Current assignee: Guangzhou Cubesili Information Technology Co Ltd
Priority date: 2019-07-18
Filing date: 2019-07-18
Publication date: 2019-11-12
Anticipated expiration: 2039-07-18
Also published as: CN110443286B

Abstract

This application discloses a kind of training method of neural network model, image-recognizing method and device, the training method of the neural network model includes: acquisition neural network model；Wherein, neural network model is the neural network model being trained, and neural network model includes at least the first branching networks；The second branching networks are added in neural network model；The second branching networks will be input to, to training dataset individually to be trained to the second branching networks；First branching networks and the second branching networks are merged, to complete the training of neural network model.By the above-mentioned means, can be improved the efficiency of neural network model training, and the recognition effect of original neural network model is not influenced.

Description

Training method, image-recognizing method and the device of neural network model

Technical field

This application involves technical field of image processing, training method, image more particularly to a kind of neural network model Recognition methods and device.

Background technique

With the rise of deep learning, more and more technologies realize the image of picture or video flowing using deep learning Identification.Compared to conventional method, deep learning avoids manual parameters and adjusts the complexity selected with manual features, by building Deep-neural-network model, to data carry out multi-layer analysis and abstract feature extraction, with high accuracy, high reliability, The characteristics of high-adaptability.Common image recognition application covers action recognition, recognition of face, target identification, scene Recognition etc.. Wherein, target identification and scene Recognition are known as image retrieval, the basis of image classification, scene understanding, environment sensing in mode Not, the fields such as machine learning play an important role.

When carrying out image recognition using the neural network model trained, if being badly in need of adding new feature, have at present Two methods: 1, a neural network model is individually created；2, the image with new feature is input to original nerve net Network model carries out continuing to train.The former will consume double computing resource, and the latter's time consumption for training will be longer, can not react rapidly, And after being unable to control addition new samples, to the recognition effect of original classification, it is more likely that will affect original recognition effect.

Summary of the invention

To solve the above problems, this application provides a kind of training method of neural network model, image-recognizing method with And device, it can be improved the efficiency of neural network model training, and do not influence the recognition effect of original neural network model.

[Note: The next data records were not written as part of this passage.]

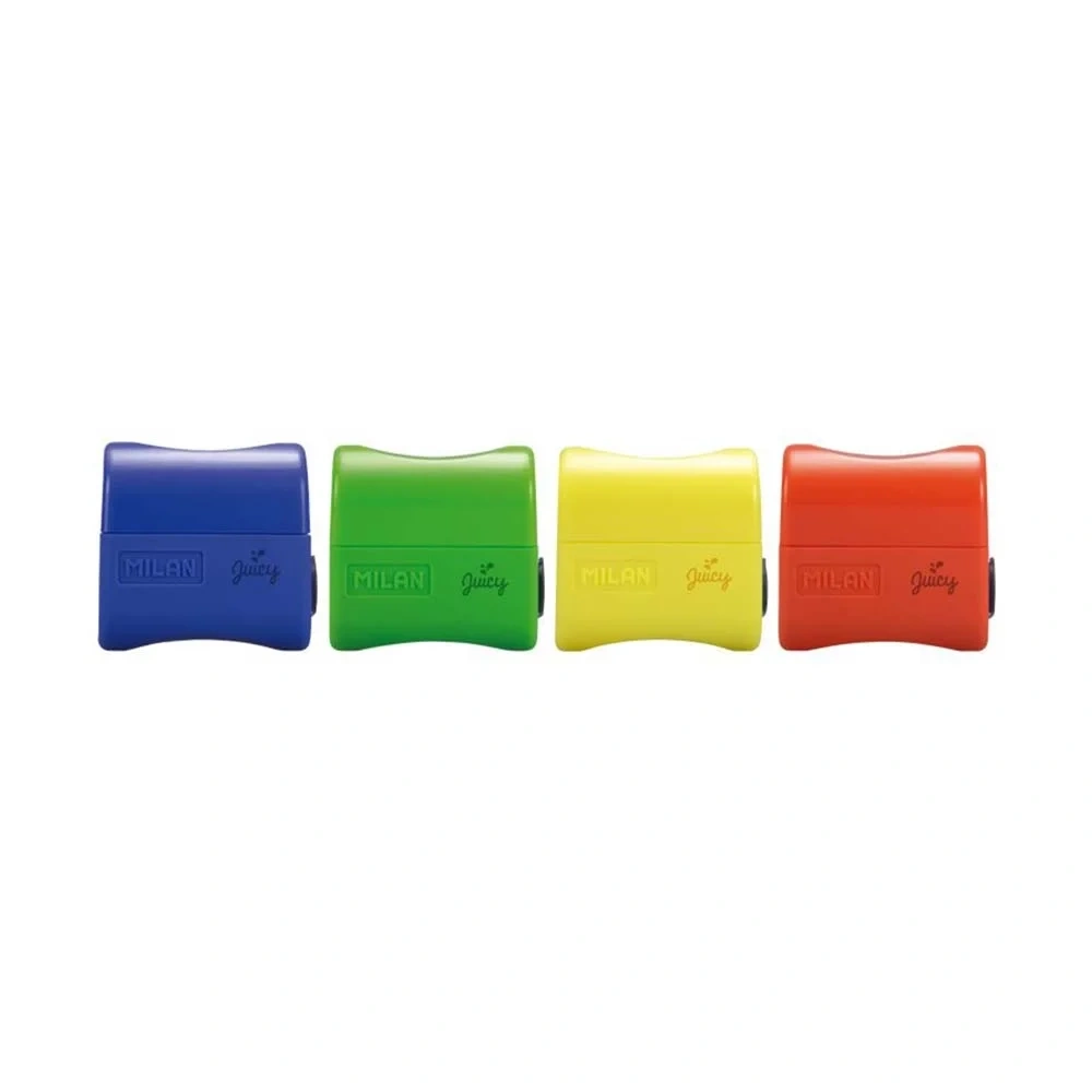 Konteynerli plastik kalemtıraş. Genç, modaya uygun renklerde şekillendirilmiş plastik gövde. Kalem talaşları için pratik bir kap ile. Normal boyutlu grafit ve renkli kalemler için tavsiye ederiz. Bıçağın çıkarılmasını önleyen emniyet bıçağı. Bıçağı, son derece keskin ve uzun ömürlü bir karbon fiber çelik bıçaktır.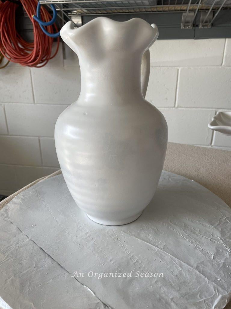 Hold the can twelve to sixteen inches away from your piece. I sprayed the front of the pitcher, using short, back-and-forth strokes, and slowly turned it around until each side was covered.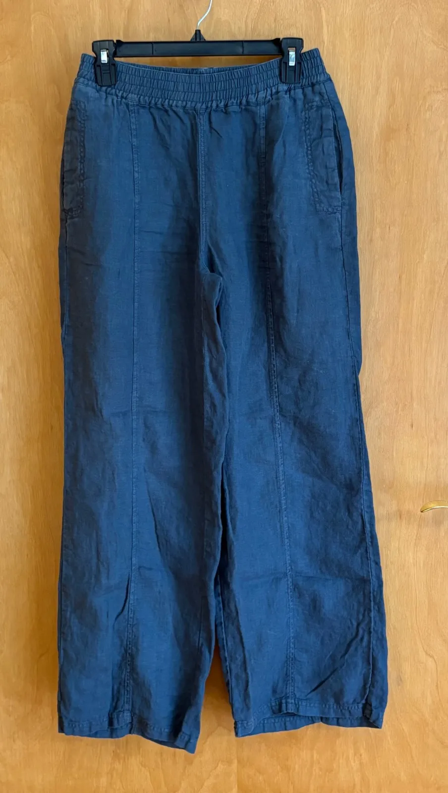 Effortless sophistication meets laid-back comfort in these chic linen trousers. A cool, slate blue hue brings a refined touch to the breezy, cropped silhouette, creating a look that's both stylish and easy to wear. The wide-leg design ensures a flattering fit and unrestricted movement, while the elasticated waistband provides all-day comfort. Functional pockets add a practical element to these fashionable bottoms, making them ideal for everyday wear. Imagine pairing these pants with a simple white tee and sandals for a relaxed weekend brunch or dressing them up with a silky blouse and heels for a summer evening gathering. Measurements: • Inseam: 28.5" • Waist: 14" Features: Pockets, Elastic Waist, Comfort, Lightweight Keywords: Wrap London, Linen pants, Wide leg pants, Cropped pants, Elastic waist pants, Casual pants, Blue pants, Womens pants, Summer pants, Comfortable pants, Boho pants, Relaxed fit pants,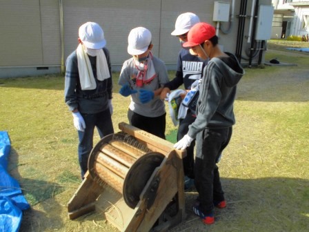 「足踏み脱穀機」という専用の道具を使って、脱穀していきます。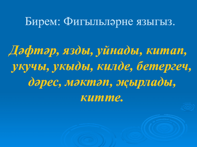 Бирем: Фигыльләрне языгыз.Дәфтәр, язды, уйнады, китап, укучы, укыды, килде, бетергеч, дәрес, мәктәп, җырлады, китте.

The technical solution that the application uses is: a kind of training method of neural network model is provided, this method comprises: Obtain neural network model；Wherein, neural network model is the neural network model being trained, and neural network mould Type includes at least the first branching networks；The second branching networks are added in neural network model；It will be input to training dataset Second branching networks, individually to be trained to the second branching networks；First branching networks and the second branching networks are melted It closes, to complete the training of neural network model.

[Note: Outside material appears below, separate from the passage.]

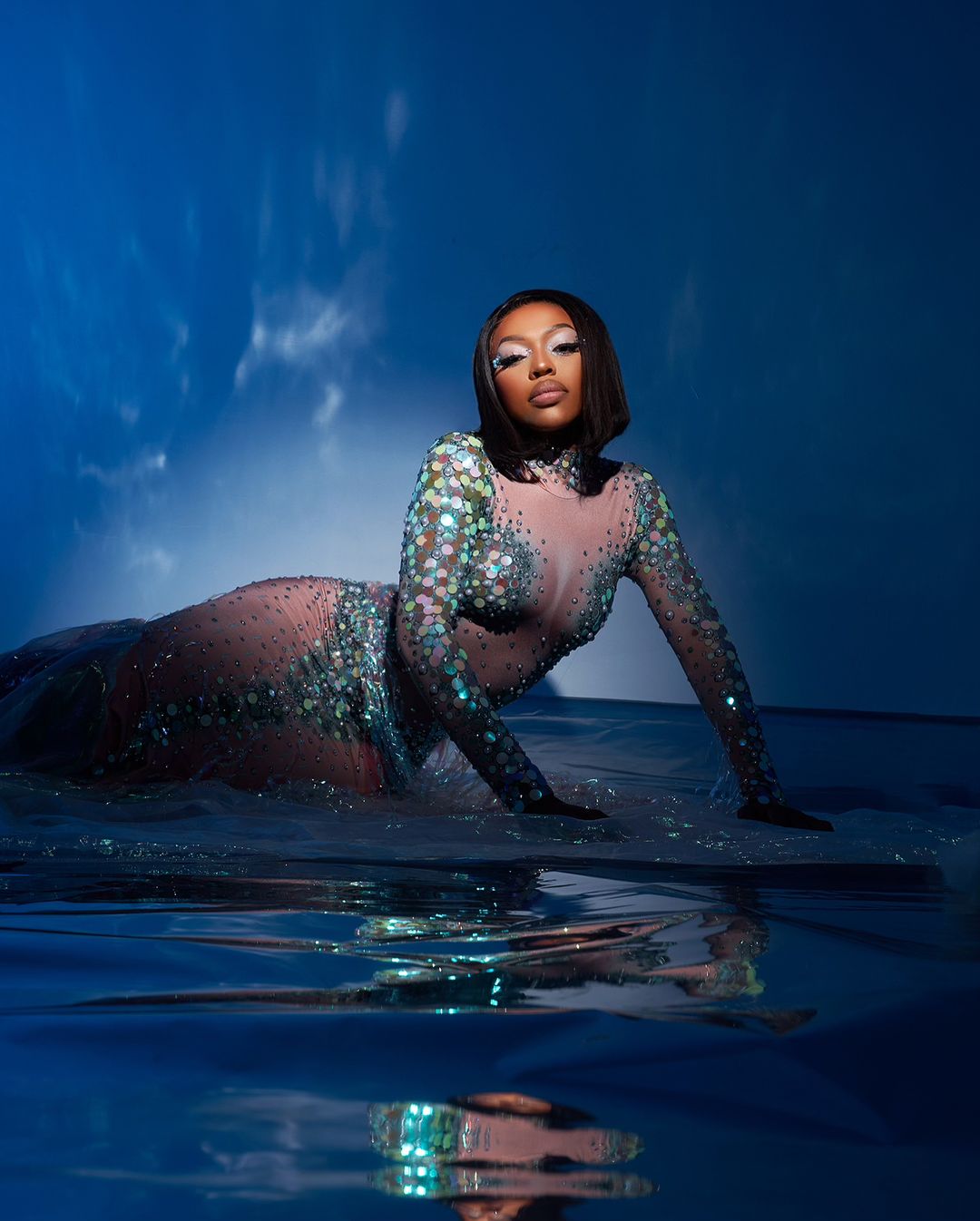 Envisioning the extravaganza’s theme through an artistic lens, digital creator Kagisi Mogala opted for drama! Blue eyeshadow and a nude lip charcoal lip? It’s safe to say, we’re obsessed with this maximalist make-up.

Wherein, the second branching networks are added in neural network model, comprising: determine multiple convolution of the first branching networks The output scale of module；The second branching networks are added to the certain volume product module in the first branching networks based on output scale demand Block.

Wherein, the first branching networks include: input layer；First convolution module；First pond layer；Second convolution module；The Two pond layers；Third convolution module；Volume Four volume module；5th convolution module；First global average pond layer；First full connection Layer；First sorter network layer；First branching networks output layer.

Wherein, the second branching networks include: feature selecting layer, connect Volume Four volume module；6th convolution module；Second is complete The average pond layer of office；Second full articulamentum；Second sorter network layer；Second branching networks output layer.

Wherein, network mode further include: fused layer connects the first branching networks output layer and the output of the second branching networks Layer；Merge output layer.

Wherein, the second branching networks will be input to training dataset, individually to be trained to the second branching networks, packet It includes: obtaining to training dataset；It treats training dataset and carries out data enhancing processing；By data enhancing treated number to be trained The second branching networks are input to according to collection, the second branching networks are individually trained.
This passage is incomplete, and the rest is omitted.